Menfaatçi Bir İslam Anlayışına Muhtacız


İnsanın kadim bir ikilemi vardır: İdeal – realite arasında. Değerlerle çıkarlar arasında.

Dünya ve ahiret işlerinde başarılı olanların ortak özelliği, bu ikilemi bir şekilde aşmış olmalarıdır. Ama doğru ama yanlış, ama güzel ama çirkin şekilde. Bu ikilemi yaşamayanlarda berraklık oluşur, yolları açılır. Yaşayanlarda ise kafa karışıklığı daimi bir fren mekanizması olarak işler. Hangi yolu tuttursalar da layıkıyla yürüyemez, mutmain olamazlar.

Acaba insan hangisinin peşinden gitmeli? Değerlerinin mi, çıkarlarının mı?

Müslüman bakış açısıyla verilecek cevap çoklarına göre bellidir: Değerlerinin.

Oysa bu cevap yanlıştır!

Doğru cevap: Çıkarlarının!

Evvela, bu iki kelimeyi biraz açalım.

Değerden kasıt; insanın kendisinin ötesinde var olan, ondan büyük ve geniş, bağlanılması gerektiği varsayılan kurumlar, olgular. Toplum, devlet, aile gibi sosyal yapılar. Irk, kimlik, bayrak, çağdaşlık, ilerleme, gelenek, medeniyet gibi referanslar.

Çıkardan kasıt ise insanın faydasına olan şeyler. Menfaatler.

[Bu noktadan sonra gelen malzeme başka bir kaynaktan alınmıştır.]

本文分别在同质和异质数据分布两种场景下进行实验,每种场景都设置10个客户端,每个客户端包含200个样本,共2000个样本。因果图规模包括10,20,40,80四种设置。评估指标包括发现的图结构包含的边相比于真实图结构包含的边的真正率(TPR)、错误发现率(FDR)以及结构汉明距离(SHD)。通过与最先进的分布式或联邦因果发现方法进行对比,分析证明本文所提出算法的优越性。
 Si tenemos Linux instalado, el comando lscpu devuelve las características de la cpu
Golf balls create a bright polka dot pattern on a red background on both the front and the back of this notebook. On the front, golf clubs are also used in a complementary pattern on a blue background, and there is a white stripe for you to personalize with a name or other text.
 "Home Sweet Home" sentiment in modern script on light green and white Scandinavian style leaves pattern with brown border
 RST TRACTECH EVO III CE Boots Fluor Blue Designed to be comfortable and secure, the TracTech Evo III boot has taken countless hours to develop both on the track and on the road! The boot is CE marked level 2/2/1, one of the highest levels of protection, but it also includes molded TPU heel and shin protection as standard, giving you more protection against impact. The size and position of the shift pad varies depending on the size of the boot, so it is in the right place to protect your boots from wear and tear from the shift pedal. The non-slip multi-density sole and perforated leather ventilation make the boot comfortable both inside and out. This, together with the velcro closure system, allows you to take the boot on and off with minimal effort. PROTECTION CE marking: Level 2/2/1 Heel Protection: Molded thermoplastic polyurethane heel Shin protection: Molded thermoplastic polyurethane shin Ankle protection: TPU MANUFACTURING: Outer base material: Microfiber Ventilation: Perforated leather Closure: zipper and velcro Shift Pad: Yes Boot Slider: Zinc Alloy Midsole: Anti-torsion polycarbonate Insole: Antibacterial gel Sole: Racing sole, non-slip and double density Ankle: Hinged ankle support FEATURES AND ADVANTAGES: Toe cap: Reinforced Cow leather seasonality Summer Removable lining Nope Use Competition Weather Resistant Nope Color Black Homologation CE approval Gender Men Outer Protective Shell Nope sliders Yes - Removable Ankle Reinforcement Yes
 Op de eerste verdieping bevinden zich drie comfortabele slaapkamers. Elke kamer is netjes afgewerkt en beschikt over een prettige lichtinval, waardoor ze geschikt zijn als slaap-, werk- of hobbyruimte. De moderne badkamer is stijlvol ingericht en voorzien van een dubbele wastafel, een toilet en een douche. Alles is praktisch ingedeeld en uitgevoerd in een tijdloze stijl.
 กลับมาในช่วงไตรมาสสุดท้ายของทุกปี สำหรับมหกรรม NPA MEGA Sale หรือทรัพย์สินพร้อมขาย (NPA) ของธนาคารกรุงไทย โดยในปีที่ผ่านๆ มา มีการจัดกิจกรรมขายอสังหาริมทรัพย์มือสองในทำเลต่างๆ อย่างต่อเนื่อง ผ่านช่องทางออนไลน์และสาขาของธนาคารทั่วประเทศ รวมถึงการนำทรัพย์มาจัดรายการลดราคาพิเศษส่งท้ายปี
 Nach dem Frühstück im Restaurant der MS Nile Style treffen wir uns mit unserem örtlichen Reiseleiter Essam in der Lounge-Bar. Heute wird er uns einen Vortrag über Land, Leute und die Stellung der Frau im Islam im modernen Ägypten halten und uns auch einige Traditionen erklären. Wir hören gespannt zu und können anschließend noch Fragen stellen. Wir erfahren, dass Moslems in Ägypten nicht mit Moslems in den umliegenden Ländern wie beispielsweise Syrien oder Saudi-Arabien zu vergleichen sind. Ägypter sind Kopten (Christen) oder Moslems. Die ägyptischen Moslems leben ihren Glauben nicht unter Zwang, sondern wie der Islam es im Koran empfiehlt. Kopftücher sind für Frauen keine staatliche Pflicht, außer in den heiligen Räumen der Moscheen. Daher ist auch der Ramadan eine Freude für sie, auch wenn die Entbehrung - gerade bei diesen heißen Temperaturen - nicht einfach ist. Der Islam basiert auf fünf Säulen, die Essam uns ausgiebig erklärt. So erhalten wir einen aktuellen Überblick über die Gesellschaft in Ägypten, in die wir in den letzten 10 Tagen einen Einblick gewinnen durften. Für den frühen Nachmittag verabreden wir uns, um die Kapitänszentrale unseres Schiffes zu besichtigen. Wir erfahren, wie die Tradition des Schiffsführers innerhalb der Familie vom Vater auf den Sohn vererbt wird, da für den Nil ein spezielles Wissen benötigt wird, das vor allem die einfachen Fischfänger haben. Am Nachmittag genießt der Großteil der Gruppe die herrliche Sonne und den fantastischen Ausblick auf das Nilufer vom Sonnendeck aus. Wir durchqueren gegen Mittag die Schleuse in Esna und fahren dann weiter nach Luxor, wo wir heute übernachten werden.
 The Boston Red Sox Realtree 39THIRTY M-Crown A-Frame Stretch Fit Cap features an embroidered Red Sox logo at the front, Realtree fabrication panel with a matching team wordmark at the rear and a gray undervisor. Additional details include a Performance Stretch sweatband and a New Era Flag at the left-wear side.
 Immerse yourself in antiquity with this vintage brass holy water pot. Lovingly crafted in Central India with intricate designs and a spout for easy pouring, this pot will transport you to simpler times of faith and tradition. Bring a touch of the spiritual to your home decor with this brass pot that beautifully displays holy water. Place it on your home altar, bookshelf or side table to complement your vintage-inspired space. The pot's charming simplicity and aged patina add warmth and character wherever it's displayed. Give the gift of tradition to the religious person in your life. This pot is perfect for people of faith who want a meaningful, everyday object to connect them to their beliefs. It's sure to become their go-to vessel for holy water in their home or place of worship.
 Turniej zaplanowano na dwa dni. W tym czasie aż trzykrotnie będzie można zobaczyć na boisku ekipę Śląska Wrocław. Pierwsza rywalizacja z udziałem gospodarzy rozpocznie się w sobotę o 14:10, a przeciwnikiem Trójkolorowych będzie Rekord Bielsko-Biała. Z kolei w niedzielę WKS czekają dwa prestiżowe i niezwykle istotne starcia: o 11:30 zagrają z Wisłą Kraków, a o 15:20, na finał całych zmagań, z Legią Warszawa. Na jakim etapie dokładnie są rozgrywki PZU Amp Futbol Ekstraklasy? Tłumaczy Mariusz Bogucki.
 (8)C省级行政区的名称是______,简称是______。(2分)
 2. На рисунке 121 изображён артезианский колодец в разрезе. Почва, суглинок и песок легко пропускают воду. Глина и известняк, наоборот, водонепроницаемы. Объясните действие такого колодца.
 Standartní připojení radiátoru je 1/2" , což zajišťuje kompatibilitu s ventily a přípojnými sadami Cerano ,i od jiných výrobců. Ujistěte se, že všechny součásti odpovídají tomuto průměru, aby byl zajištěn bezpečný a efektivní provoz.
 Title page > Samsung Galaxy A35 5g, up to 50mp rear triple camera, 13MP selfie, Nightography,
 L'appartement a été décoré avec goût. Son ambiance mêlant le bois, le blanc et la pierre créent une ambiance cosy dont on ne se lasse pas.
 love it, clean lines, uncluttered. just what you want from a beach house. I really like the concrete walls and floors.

Burada birkaç tane önemli mesele ortaya çıkıyor:

1) Menfaati hangi kapsamda ele alacağız? Mesela çok çikolata yemek, çok haz = çok menfaattir, kısa vadede. Uzun vadede ise menfaate aykırıdır, sağlığı bozar.

2) İnsan özünde, fıtratında nasıl bir varlıktır? Değerci mi, çıkarcı mı? Çok net bir şekilde çıkarcıdır.

Kişinin gözü kendi için görür, kulağı kendi için duyar, aklı kendi için çalışır, kalbi de kendi için atar. Bundan daha tabii bir şey yoktur. Hatta aksi mümkün değildir. Doğal ve kaçınılmaz olanı kınamak, akılsızlıktır. Onunla uzlaşmayı öğrenmek gerekir.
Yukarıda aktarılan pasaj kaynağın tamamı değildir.